DAN BICKLEY

Pac-12’s required makeover starts with finding right commissioner

Jan 21, 2021, 5:56 PM | Updated: 10:25 pm

Pac-12 Commissioner Larry Scott speaks at Pac-12 NCAA college football Media Day, Wednesday, July 2...

Pac-12 Commissioner Larry Scott speaks at Pac-12 NCAA college football Media Day, Wednesday, July 26, 2017, in the Hollywood section of Los Angeles. (AP Photo/Mark J. Terrill)

(AP Photo/Mark J. Terrill)

The Pac-12 needs a new commissioner. The search begins inside the box.

No more visionaries, ex-politicos or luminaries from other industries. A damaged conference needs someone who intimately understands the Pac-12, including its blind spots and potholes. It needs someone who understands football. It needs someone who will fly commercial.

It needs someone who knows how to get there without looking at a map.

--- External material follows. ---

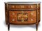 Commode a mezza luna con doppio cassetto centrale senza traversa e mezzo cassetto superiore. Due sportelli laterali. Piano superiore in marmo bianco di Carrara. In legno di amaranto, legno di rosa e legni di frutto. Decorazioni in bronzo dorato.

The Pac-12 needs a commissioner who will make and distribute more money for its member schools and someone who will spend less on conference headquarters and his/her creature comforts. The agenda is very clear. The party is over. No more gravy sucking pigs. The next commissioner of the Pac-12 can blame Larry Scott for the sudden emphasis on austerity.

The next Pac-12 commissioner can’t waste time, either. He or she can’t afford to spend months learning the landscape, like Tony La Russa on a fact-finding mission about the Diamondbacks. There are three excellent candidates with Arizona ties. Each would surely champion conference relocation to the Valley. They know where to find vacant warehouses near the airport.

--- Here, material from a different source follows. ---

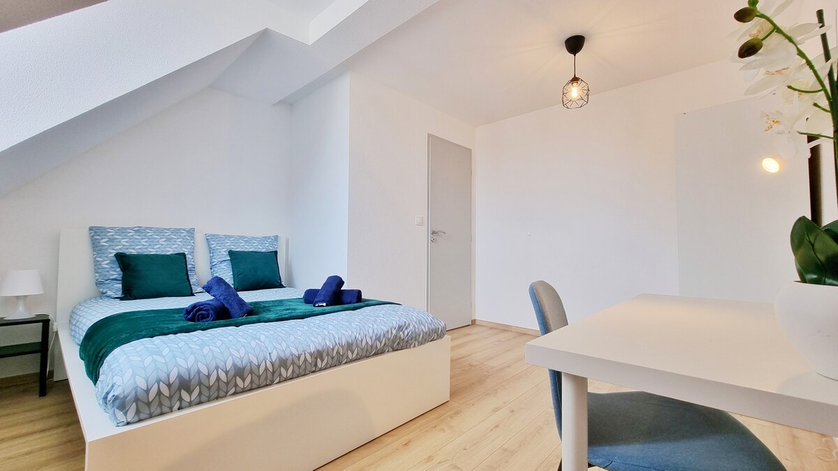 Goûtez l'élégance de ce logement, un appartement lumineux, rénové à neuf, pour un confort moderne.Le Triplex peut accueillir 10 personnes avec ses 5 chambres. Espace de vie spacieux et chaleureux pour un cocon de bien-être après une journée trépidante.Profitez de cette expérience unique, pensée pour votre bonheur. À vivre sans tarder !Convient parfaitement pour un voyage touristique ou professionnel.

Those candidates are Greg Byrne, 49; Gene Smith, 61; and Ray Anderson, 64. Smith and Byrne represent Ohio State and Alabama, respectively, where they live football at its highest level. They know the cost to be the boss. Meanwhile, Anderson is extremely shrewd, has a NFL background, understands high-level negotiations and has done great things at Arizona State. Any would be a fabulous hire.

The conference has a litany of competitive issues. The Pac-12 is now viewed as a tag-along conference, like the Australian Open in tennis or the PGA Championship in golf. They have a reputation for sort of caring about football, but what they really love is a parade. Oh, and they love their Olympic sports. Conference of Champions, ya know.

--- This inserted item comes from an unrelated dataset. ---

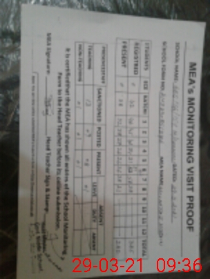 | Attendance Register | Head Teacher | MEA with School | Visit Proof |
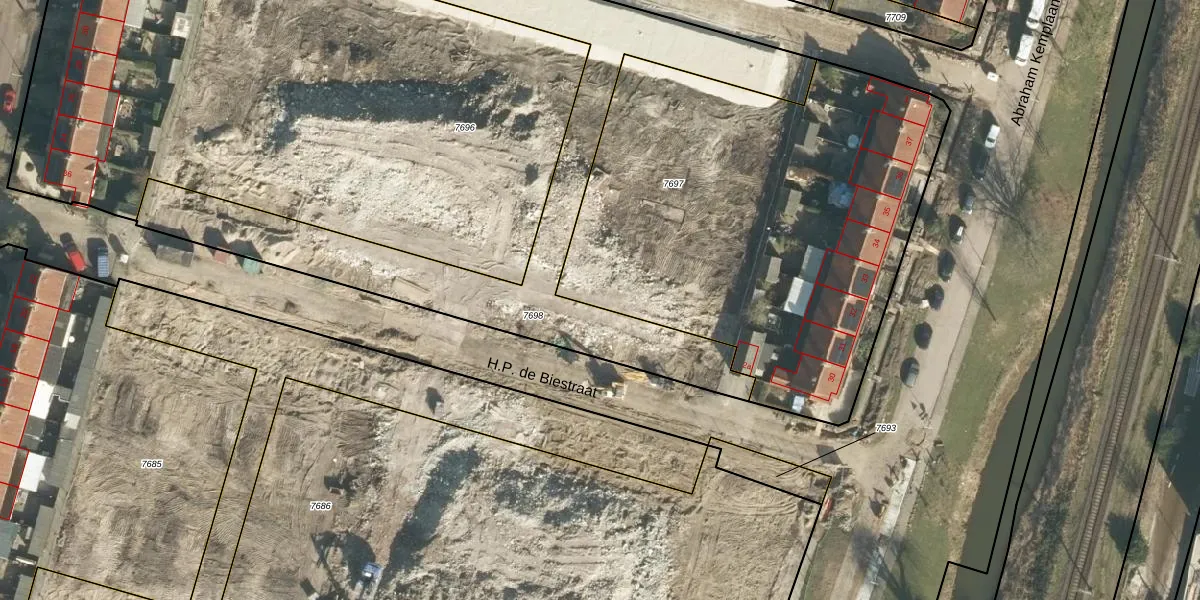 H.P. de Biestraat 10 is gelegen op kadastraal perceel GRC00A7697. Deze kadastrale aanduiding is uniek en wordt gebruikt door het Kadaster om eigendomsrechten en andere zakelijke rechten vast te leggen. Het perceel maakt onderdeel uit van de kadastrale gemeente Gorinchem.

Their game-day officials are a punch line. Their fan bases are mostly dispassionate and easily distracted. Big-daddy donors aren’t exactly lining up at the door.

When it comes to national television exposure, they mostly play for scraps. They haven’t won a football championship since USC in 2004, producing zero College Football Playoff appearances in the past four seasons. They haven’t won a basketball championship since Arizona in 1997, and while their Las Vegas-based conference tournament is a smash hit, their regular season, partner-school travel schedule has become a big yawn. In both revenue-generating sports, blue-chip recruits are suddenly fleeing for the Pac-12 amenities of the Deep South, something that seemed unfathomable 10 years ago.

The Pac-12 sorely needs a dazzling, sizzling team to capture the nation’s imagination and gain national respect once again, like Pete Carroll did at USC. Like Lute Olson did at Arizona. That is the spark that will light this fire.

Meanwhile, the next commissioner has to get busy planning, plotting and strategizing for the future. They need a bigger platform. They need greater distribution. They need the right broadcast partner who can market the unmistakable vibe of the Pac-12.

Look around. Most conferences are regional, full of homogenous, cookie-cutter universities. Not the Pac-12, which features a rich tapestry of cities and cultures, from the sparkling Pacific Ocean to the rugged Pacific Northwest, from the mountains of Colorado to the sunsets in Arizona.

The next commissioner must already know all of this stuff, including just how messed up the Pac-12 has become under Scott’s tenure, from perceptions to fundamentals. That should narrow the list considerably.